Citation and internal quotation marks omitted; alteration added.

The Court went on to note that since the merger clause was negotiated by sophisticated parties, if Teva wanted to carve-out statements and representations made during due diligence from the merger clause, it could have done so. But, it did not. As such, Teva could not claim the merger clause was unenforceable.

Teva is a sophisticated entity and performed extensive due diligence … before entering into a major transaction, including a site visit and employee interviews. If it had wanted to include a carve-out that it could rely on the materials presented to it, or information included in due diligence, or a representation that the material it viewed during due diligence was correct, it could have done so. It did not.

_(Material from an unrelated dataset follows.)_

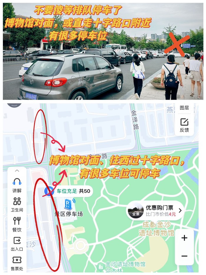 因为金沙遗址博物馆在成都市内,博物馆的停车场比较小,人多的时候停车需要排很久的队,我建议大家不用一直排队,博物馆对面有三个停车场都可以停,往西走过了十字路口(金沙派出所附近)有很多可以停车的位置,我们当天就是把车停在派出所外面路边的车位上,既方便又安全

The Court also rejected Teva’s argument that the exception to the anti-reliance provision of the merger clause saved its fraud claim, noting that Teva failed to “allege[] how the alleged misrepresentations remained particularly in the knowledge of the defendants despite Teva’s access to Rimsa’s personnel, facility, and products.”

Accordingly, the Court enforced the merger clause and dismissed Teva’s fraud claim.


Parties to a transaction should carefully negotiate and consider the content of their merger clauses, and not rely on boilerplate language. In that regard, they should specify the representations and matters being merged or integrated into the agreement. If the parties intend complete integration, then they should ensure that the merger clause clearly articulates their intention. And, if they include anti-reliance language in the merger clause, such language should be specific and identify the representations and matters to be included or excluded.

In Rimsa, many of these takeaways were at play. The merger clause was negotiated by sophisticated parties; it was not mere boilerplate. Because it was negotiated, it was specific in content and scope, thereby demonstrating the parties’ intent as to representations and matters covered by the clause. And, because Teva was sophisticated and had, by its own admission, conducted an extensive and thorough due diligence, it could not escape the anti-reliance provision in the merger clause directed to its due diligence. Rimsa therefore exemplifies the effect of a negotiated and specific merger clause on a dispute between parties to a contract.